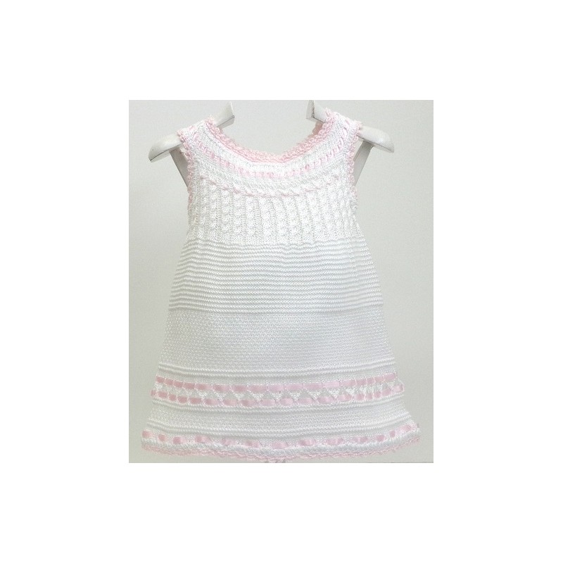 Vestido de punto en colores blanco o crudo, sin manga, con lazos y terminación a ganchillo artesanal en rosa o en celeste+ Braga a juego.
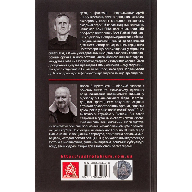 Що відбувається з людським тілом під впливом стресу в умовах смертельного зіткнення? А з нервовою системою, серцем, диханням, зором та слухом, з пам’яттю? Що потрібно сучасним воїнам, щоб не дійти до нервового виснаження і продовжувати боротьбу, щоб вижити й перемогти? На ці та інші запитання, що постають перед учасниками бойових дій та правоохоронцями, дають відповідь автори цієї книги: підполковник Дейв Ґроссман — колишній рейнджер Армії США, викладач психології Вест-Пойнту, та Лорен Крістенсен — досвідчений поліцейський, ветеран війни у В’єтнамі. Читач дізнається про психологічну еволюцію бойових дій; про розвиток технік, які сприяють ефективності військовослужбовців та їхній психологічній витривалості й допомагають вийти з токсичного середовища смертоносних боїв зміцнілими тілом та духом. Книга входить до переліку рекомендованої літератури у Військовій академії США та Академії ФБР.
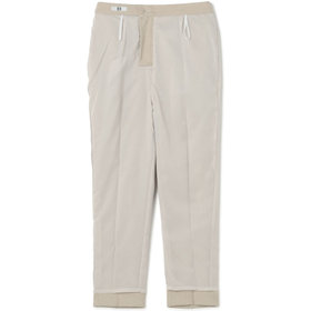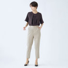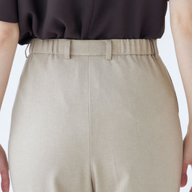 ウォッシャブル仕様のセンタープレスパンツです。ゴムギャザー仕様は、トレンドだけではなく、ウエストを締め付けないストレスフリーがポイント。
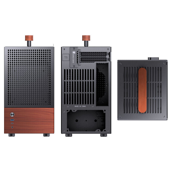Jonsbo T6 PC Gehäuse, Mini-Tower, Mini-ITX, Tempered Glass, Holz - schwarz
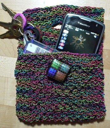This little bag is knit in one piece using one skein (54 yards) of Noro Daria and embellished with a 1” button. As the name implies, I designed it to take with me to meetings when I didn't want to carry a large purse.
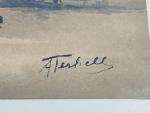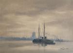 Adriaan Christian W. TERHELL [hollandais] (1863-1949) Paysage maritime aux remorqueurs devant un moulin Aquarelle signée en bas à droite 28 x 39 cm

* * * *

# [INSTRUCTIONS TO FOLLOW]
Hand back the records above exactly as they are, pictures excluded.

# [WRITTEN RESPONSE]
 Vestido de punto en colores blanco o crudo, sin manga, con lazos y terminación a ganchillo artesanal en rosa o en celeste+ Braga a juego.
 Що відбувається з людським тілом під впливом стресу в умовах смертельного зіткнення? А з нервовою системою, серцем, диханням, зором та слухом, з пам’яттю? Що потрібно сучасним воїнам, щоб не дійти до нервового виснаження і продовжувати боротьбу, щоб вижити й перемогти? На ці та інші запитання, що постають перед учасниками бойових дій та правоохоронцями, дають відповідь автори цієї книги: підполковник Дейв Ґроссман — колишній рейнджер Армії США, викладач психології Вест-Пойнту, та Лорен Крістенсен — досвідчений поліцейський, ветеран війни у В’єтнамі. Читач дізнається про психологічну еволюцію бойових дій; про розвиток технік, які сприяють ефективності військовослужбовців та їхній психологічній витривалості й допомагають вийти з токсичного середовища смертоносних боїв зміцнілими тілом та духом. Книга входить до переліку рекомендованої літератури у Військовій академії США та Академії ФБР.
 ウォッシャブル仕様のセンタープレスパンツです。ゴムギャザー仕様は、トレンドだけではなく、ウエストを締め付けないストレスフリーがポイント。
Jonsbo T6 PC Gehäuse, Mini-Tower, Mini-ITX, Tempered Glass, Holz - schwarz
This little bag is knit in one piece using one skein (54 yards) of Noro Daria and embellished with a 1” button. As the name implies, I designed it to take with me to meetings when I didn't want to carry a large purse.
 Adriaan Christian W. TERHELL [hollandais] (1863-1949) Paysage maritime aux remorqueurs devant un moulin Aquarelle signée en bas à droite 28 x 39 cm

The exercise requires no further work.